### Data excerpts
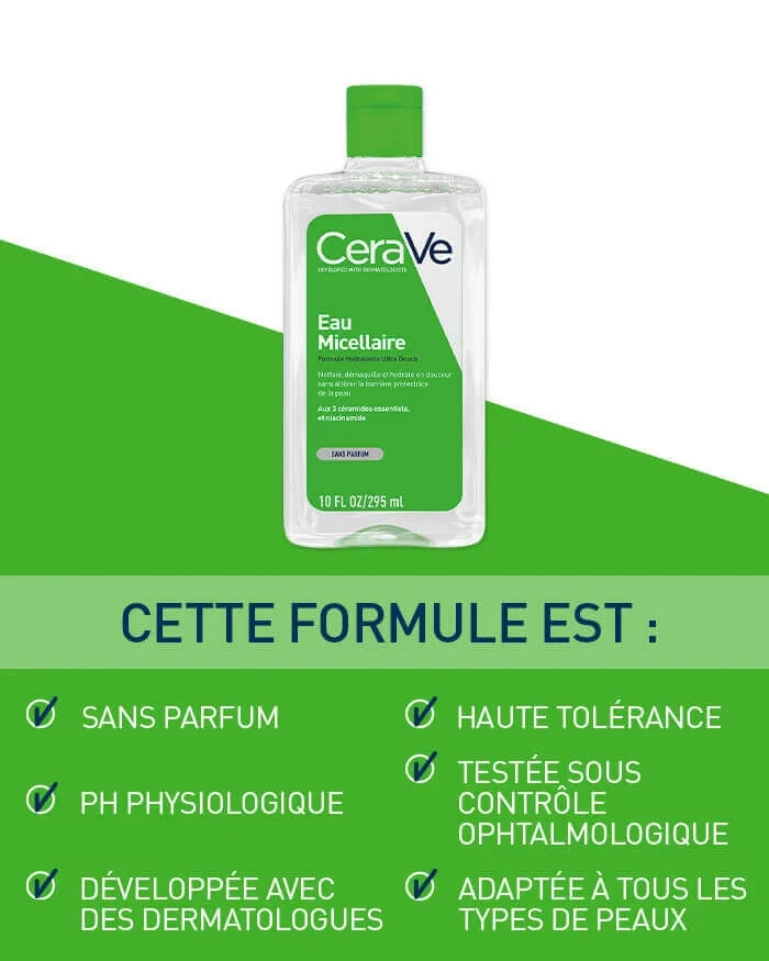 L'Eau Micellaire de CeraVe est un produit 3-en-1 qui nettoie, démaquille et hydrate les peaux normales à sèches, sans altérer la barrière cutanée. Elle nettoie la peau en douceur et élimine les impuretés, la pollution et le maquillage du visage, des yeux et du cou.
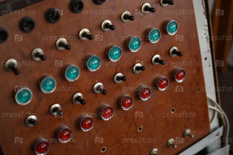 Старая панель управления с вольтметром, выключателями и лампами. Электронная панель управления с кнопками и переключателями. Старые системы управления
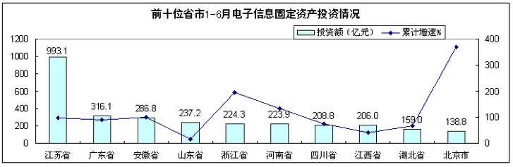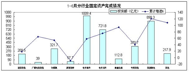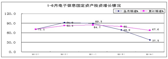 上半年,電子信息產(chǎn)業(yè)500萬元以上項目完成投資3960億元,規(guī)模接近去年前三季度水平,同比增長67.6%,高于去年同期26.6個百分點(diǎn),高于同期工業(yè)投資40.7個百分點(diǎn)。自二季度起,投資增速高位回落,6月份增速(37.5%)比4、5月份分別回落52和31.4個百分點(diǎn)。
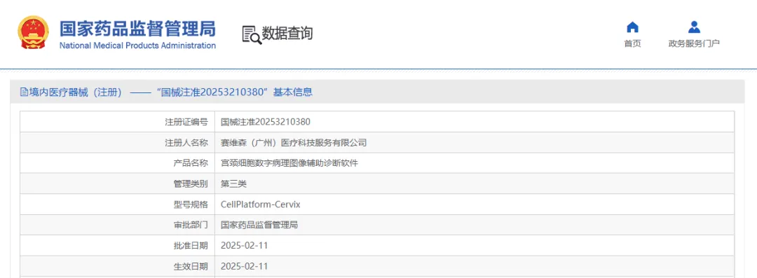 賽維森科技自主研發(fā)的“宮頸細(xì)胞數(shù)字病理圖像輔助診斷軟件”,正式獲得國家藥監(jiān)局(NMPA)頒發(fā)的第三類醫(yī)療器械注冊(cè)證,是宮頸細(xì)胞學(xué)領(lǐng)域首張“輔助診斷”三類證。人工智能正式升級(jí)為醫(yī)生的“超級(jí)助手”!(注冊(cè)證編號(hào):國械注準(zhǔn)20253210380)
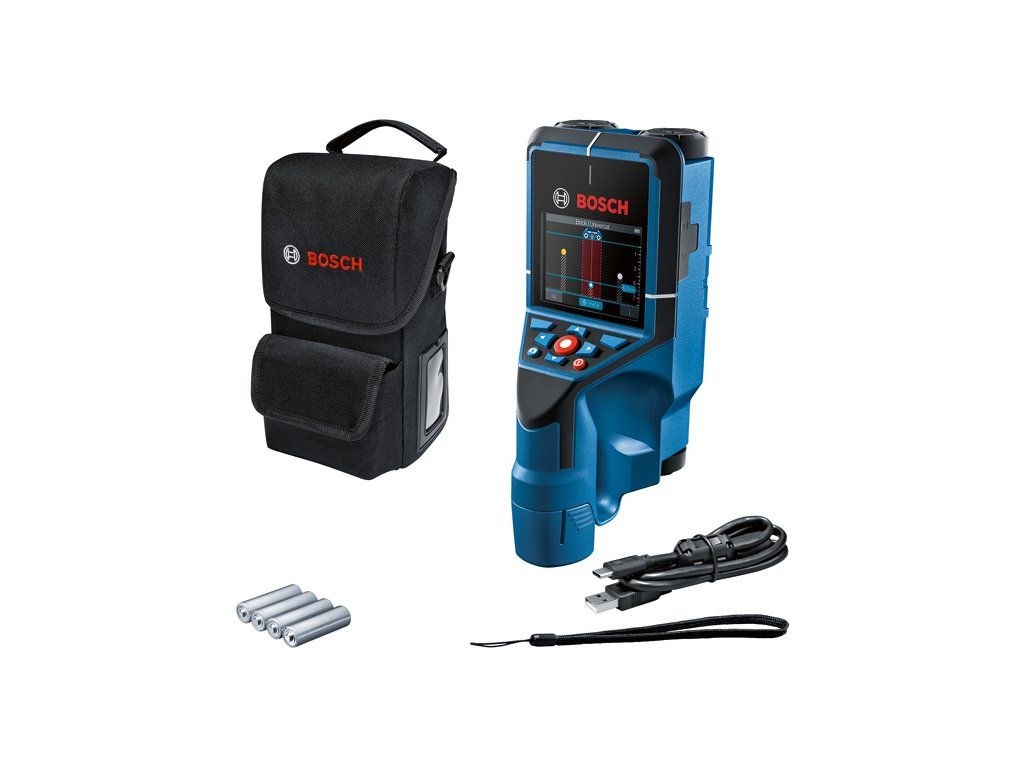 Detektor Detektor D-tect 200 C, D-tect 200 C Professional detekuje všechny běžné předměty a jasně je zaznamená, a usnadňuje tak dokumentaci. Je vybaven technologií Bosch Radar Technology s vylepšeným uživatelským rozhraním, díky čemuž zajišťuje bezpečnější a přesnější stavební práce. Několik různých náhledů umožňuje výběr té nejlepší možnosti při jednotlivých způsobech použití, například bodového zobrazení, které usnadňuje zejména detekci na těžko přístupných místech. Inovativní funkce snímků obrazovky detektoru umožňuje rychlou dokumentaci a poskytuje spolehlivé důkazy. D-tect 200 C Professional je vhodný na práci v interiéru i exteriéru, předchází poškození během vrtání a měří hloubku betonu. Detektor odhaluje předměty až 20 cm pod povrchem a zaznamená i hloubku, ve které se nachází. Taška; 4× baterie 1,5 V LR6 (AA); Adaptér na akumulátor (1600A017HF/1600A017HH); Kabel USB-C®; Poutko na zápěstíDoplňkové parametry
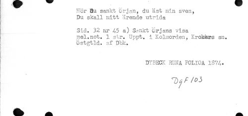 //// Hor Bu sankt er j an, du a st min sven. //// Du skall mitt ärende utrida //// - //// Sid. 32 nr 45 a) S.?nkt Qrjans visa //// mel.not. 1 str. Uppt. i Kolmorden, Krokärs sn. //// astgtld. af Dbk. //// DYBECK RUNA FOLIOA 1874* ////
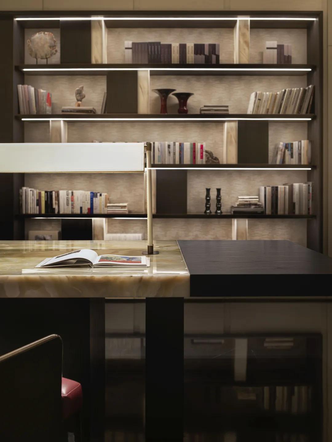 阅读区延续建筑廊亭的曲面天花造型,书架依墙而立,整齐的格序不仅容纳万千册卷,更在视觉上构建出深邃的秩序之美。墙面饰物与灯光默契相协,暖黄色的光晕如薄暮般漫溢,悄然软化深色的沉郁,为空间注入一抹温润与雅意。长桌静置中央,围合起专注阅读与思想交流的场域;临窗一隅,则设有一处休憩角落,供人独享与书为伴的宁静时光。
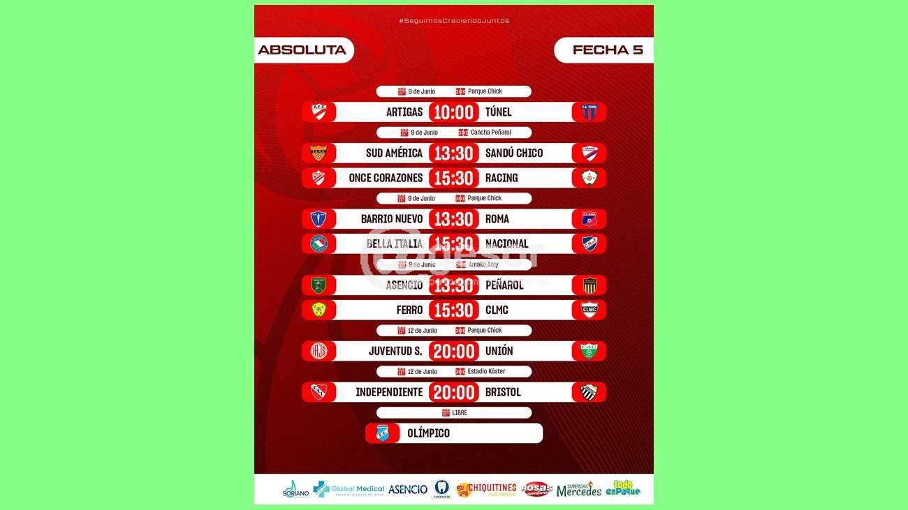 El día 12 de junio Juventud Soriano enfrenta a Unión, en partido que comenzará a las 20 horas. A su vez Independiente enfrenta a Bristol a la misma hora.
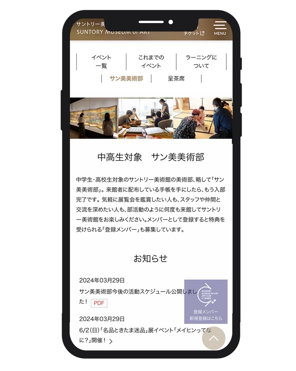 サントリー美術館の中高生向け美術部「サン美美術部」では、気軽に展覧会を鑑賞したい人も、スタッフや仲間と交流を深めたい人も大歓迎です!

### EXERCISE INSTRUCTIONS
All pictures are to be skipped; the lines from the first line of the records through the line containing "Старая панель управления" are to be repeated exactly, both ends included.

### RESPONSE TO THE EXERCISE
 L'Eau Micellaire de CeraVe est un produit 3-en-1 qui nettoie, démaquille et hydrate les peaux normales à sèches, sans altérer la barrière cutanée. Elle nettoie la peau en douceur et élimine les impuretés, la pollution et le maquillage du visage, des yeux et du cou.
 Старая панель управления с вольтметром, выключателями и лампами. Электронная панель управления с кнопками и переключателями. Старые системы управления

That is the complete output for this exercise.